3. Domain Verification Service (UPDATED)

Purpose: Orchestrate two-factor verification (DNS + Email)

Implementation:

# src/gondulf/domain_verification.py

from typing import Tuple, Optional
from .dns import DNSService
from .html_fetcher import HTMLFetcherService
from .relme import RelMeDiscoveryService
from .email import EmailService
from .storage import CodeStorage

class DomainVerificationService:
    """
    Two-factor domain verification service.

    Verifies domain ownership through:
    1. DNS TXT record verification
    2. Email verification via rel="me" discovery
    """

    def __init__(
        self,
        dns_service: DNSService,
        html_fetcher: HTMLFetcherService,
        relme_discovery: RelMeDiscoveryService,
        email_service: EmailService,
        code_storage: CodeStorage
    ):
        self.dns = dns_service
        self.html_fetcher = html_fetcher
        self.relme = relme_discovery
        self.email = email_service
        self.code_storage = code_storage

    def start_verification(self, domain: str) -> Tuple[bool, Optional[str], Optional[str]]:
        """
        Start domain verification process.

        Returns: (success, discovered_email, error_message)

        Raises HTTPException with appropriate error if verification cannot start.
        """
        # Step 1: Verify DNS TXT record
        dns_verified = self.dns.verify_txt_record(domain, "verified")
        if not dns_verified:
            error = f"DNS TXT record not found for {domain}. Please add: _gondulf.{domain} TXT verified"
            return False, None, error

        # Step 2: Fetch site and discover email
        html = self.html_fetcher.fetch_site(domain)
        if html is None:
            error = f"Could not fetch site at https://{domain}. Please ensure site is accessible via HTTPS."
            return False, None, error

        # Step 3: Discover email from rel="me"
        email = self.relme.discover_email(html)
        if email is None:
            error = 'No rel="me" mailto: link found. Please add: <link rel="me" href="mailto:you@example.com">'
            return False, None, error

        # Step 4: Generate and send verification code
        code = self._generate_code()
        self.code_storage.store(email, code, ttl=900)  # 15 minutes

        email_sent = self.email.send_verification_email(email, code)
        if not email_sent:
            error = f"Failed to send verification email to {email}. Please try again."
            return False, email, error

        # Success: code sent to discovered email
        return True, email, None

    def verify_code(self, email: str, submitted_code: str) -> Tuple[bool, str]:
        """
        Verify submitted code.

        Returns: (success, domain_or_error_message)
        """
        stored_data = self.code_storage.get(email)
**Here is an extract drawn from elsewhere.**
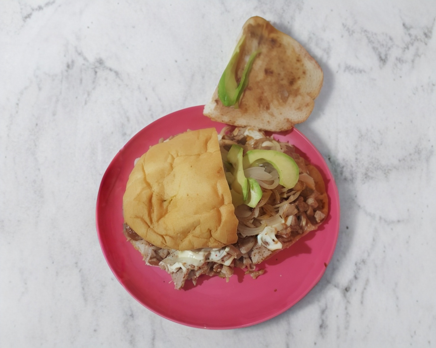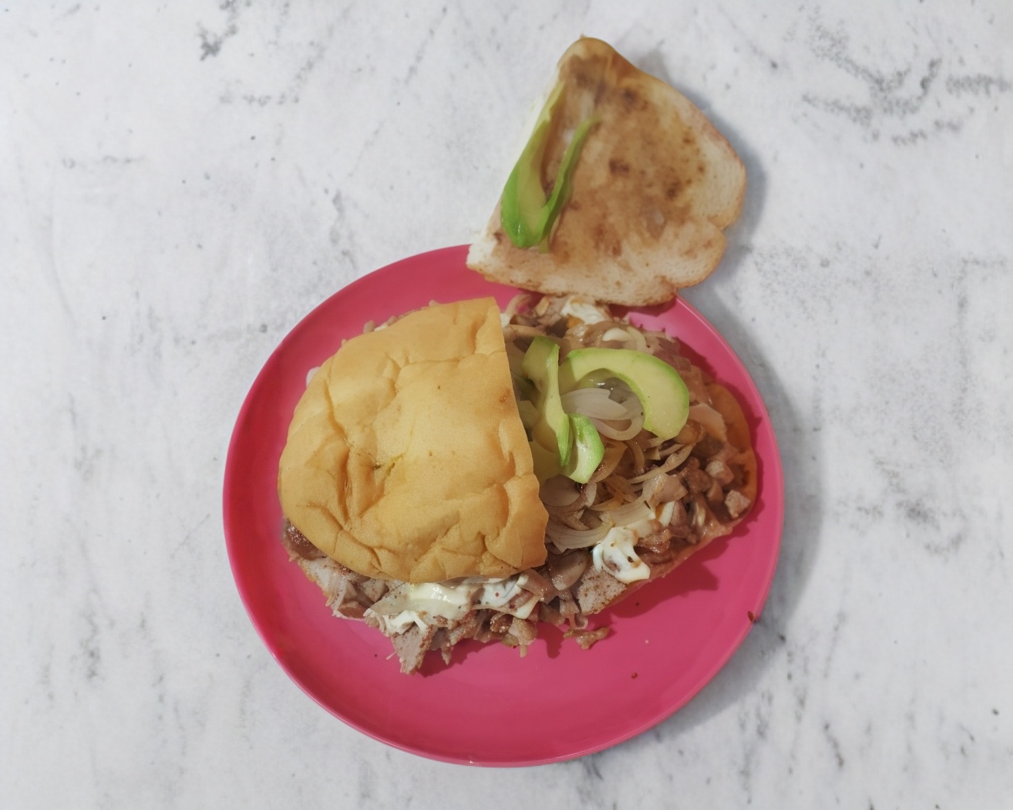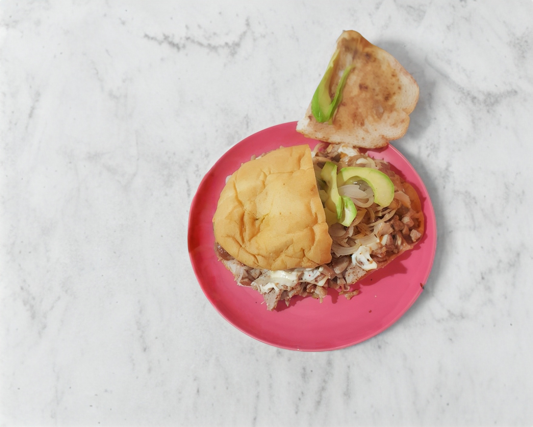 Aguacate, cebolla y queso oaxaca.

        if stored_data is None:
            return False, "No verification code found. Please restart verification."

        code, domain = stored_data

        # Verify code (constant-time comparison)
        if not secrets.compare_digest(submitted_code, code):
            return False, "Invalid code. Please try again."

        # Success: mark code as used
        self.code_storage.delete(email)

        return True, domain

    def _generate_code(self) -> str:
        """Generate 6-digit verification code."""
        return ''.join(secrets.choice('0123456789') for _ in range(6))

Dependencies:

  • All Phase 1 services (DNS, Email, Storage)
  • New HTML fetcher service
  • New rel="me" discovery service

Tests Required:

  • Full verification flow (DNS → rel="me" → email → code)
  • DNS verification failure
  • Site fetch failure
  • rel="me" discovery failure
  • Email send failure
  • Code verification success/failure
  • Multiple attempts tracking
  • Code expiration

4. Domain Verification UI Endpoints (NEW)
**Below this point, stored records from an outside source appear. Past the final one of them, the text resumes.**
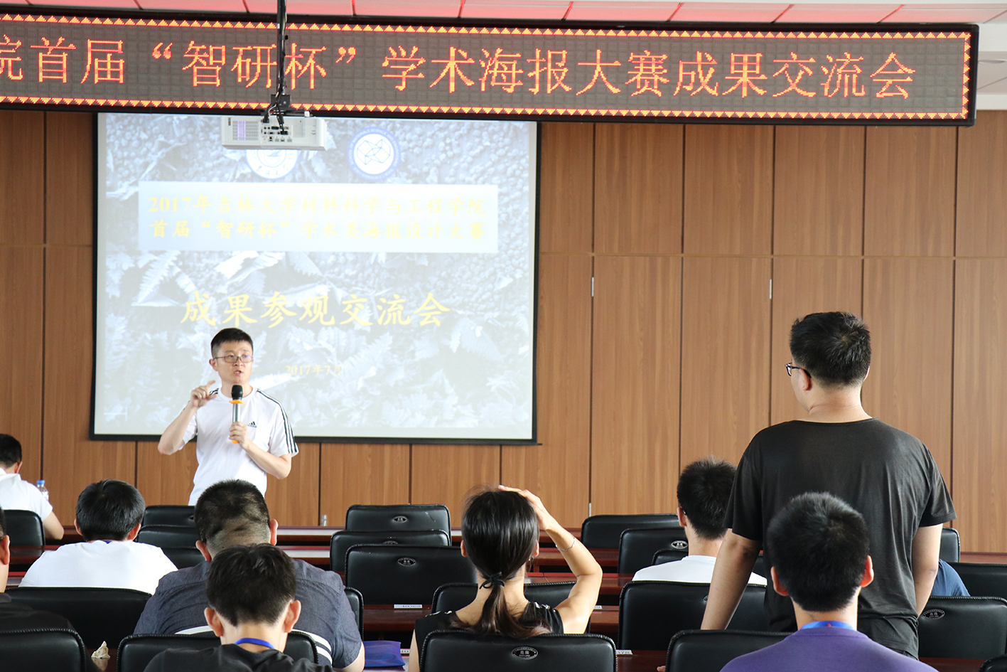 2017年7月15日下午,女同av 为营员们安排了学术海报大赛成果参观交流会。在逸夫机械材料馆八楼会议室,首先由朱永福副院长介绍了首届“智研杯”学术类海报设计大赛的相关情况。接着,由郎兴友老师和杨治政老师给营员进行了学术海报讲座。讲座结束后,同学们针对老师讲的问题,提出自己的疑问。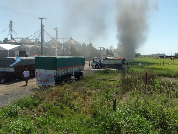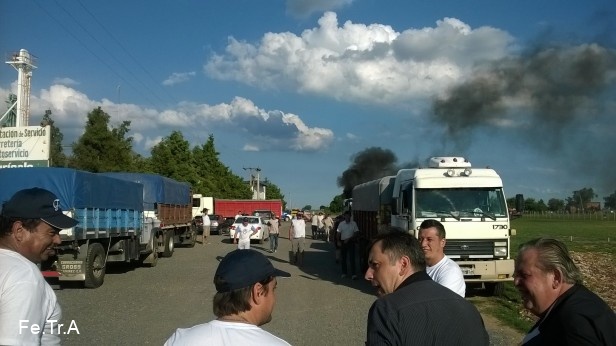 Distribución equitativa de las cargas y tarifa digna. Los transportistas son acompañados por los dirigentes de Fe.Tr.A Edgardo Maurenzi y Ariel Mascanfroni.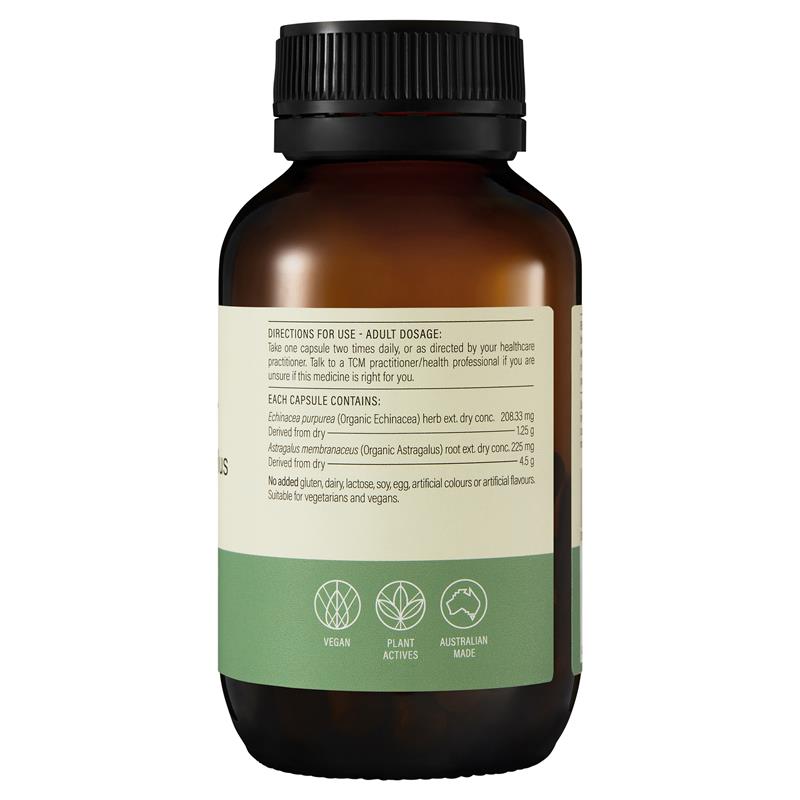 精心研制的紫锥菊和黄芪植物活性混合物。强肺:黄芪在传统中药中用于强健和滋补肺脏。

Purpose: HTTP endpoints for user interaction

Implementation:

# src/gondulf/routers/verification.py

from fastapi import APIRouter, HTTPException
from pydantic import BaseModel

router = APIRouter(prefix="/verify", tags=["verification"])

class VerificationStartRequest(BaseModel):
    domain: str

class VerificationStartResponse(BaseModel):
    success: bool
    email_masked: Optional[str]  # e.g., "u***@example.com"
    error: Optional[str]

class VerificationCodeRequest(BaseModel):
    email: str
    code: str

class VerificationCodeResponse(BaseModel):
    success: bool
    domain: Optional[str]
    error: Optional[str]

@router.post("/start", response_model=VerificationStartResponse)
async def start_verification(request: VerificationStartRequest):
    """
    Start domain verification process.

    Steps:
    1. Verify DNS TXT record
    2. Discover email from rel="me"
    3. Send verification code to email
    """
    success, email, error = domain_verification_service.start_verification(request.domain)

    if not success:
        return VerificationStartResponse(success=False, email_masked=None, error=error)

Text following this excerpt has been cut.